Everyday moments of ordinary people and their environments regularly feature in his collection as do the realities of industry - from North Sea fishing to coal mining - as he searches for the stories of our times.
Mr Sutton-Hibbert said: “It’s a huge privilege for my work to enter the collection but I don’t really see it as being about me. Over the past 32 years so many people have let me into their life, whether its into their living room or onto their fishing boat. So many people have let me in and on many occasions not really questioned why.
"This collection of work is their story and I hope that the pictures I take, if people see merit in them, will help in some way to contribute to the story of Scotland.”
Series of photographs taken in the aftermath of national tragedies, such as Dunblane and Lockerbie, also form part of the collection.
Mr Sutton-Hibbert started taking pictures aged nine, with his pet cat and family holidays among his first subjects. He later went to Glasgow College of Building and Printing with his growing abilities with a camera helping to fuel his need to travel and explore.
While Scotland remains a constant seam of his work, he has spent more three decades “travelling the world twice”, with overseas assignments including aftermath of 9/11 in New York, the Fukushima nuclear disaster in Japan and whaling in the Southern Ocean.
Mr Sutton-Hibbert added: “I am extremely lucky that my little camera takes me all over the world, whether it be down a coal mine or into Papua New Guinea. But with that there is the responsibility to share those images.”
He started to organise the last three decades of his work over lockdown with advice on archiving from Rachel Nordstrom, Photographic Collections Manager in the university’s Libraries and Museums, leading to the acquisition.
The photographer said: “You don’t take these pictures for them to be hidden away in a back bedroom. You take them so that hopefully they can benefit society.”
Mr Sutton-Hibbert said a photographer “first and foremost” had to be a people person who operated with honesty and inquisitiveness.

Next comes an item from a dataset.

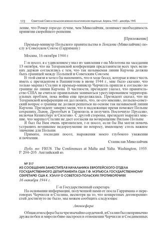 Из сообщения заместителя начальника Европейского отдела Государственного департамента США Г.Ф. Мэтьюса Государственному секретарю США К. Хэллу о советско-польских противоречиях. 16 октября 1944 г. // Публ. по: FRUS. 1944. Vol. IV: Europe. Washington, 1966. Р. 1016–1019. Английский яз. Частично опубл.: Путь к великой победе. СССР в войне глазами западных современников. Документы и материалы. М., 2015. С. 656–658.

He said he felt he caught the “tail end of the golden age of photo journalism” with spreads in Sunday magazines and figures such as Don McCullin helping to propel the work.
Mr Sutton-Hibbert, a founder member of the Document Scotland photography collective, added: “Today, people everywhere are taking photos on smartphones and publications and websites are using this content from the public.
“But the danger is if that photo is not being archived. Is that image going to be looked after in 50 years time? How will it be accessed? How will you find it, where will it be?
"There is a great need for photographers to work in a documentary fashion. That is why archives like St Andrews are so important for the nation.”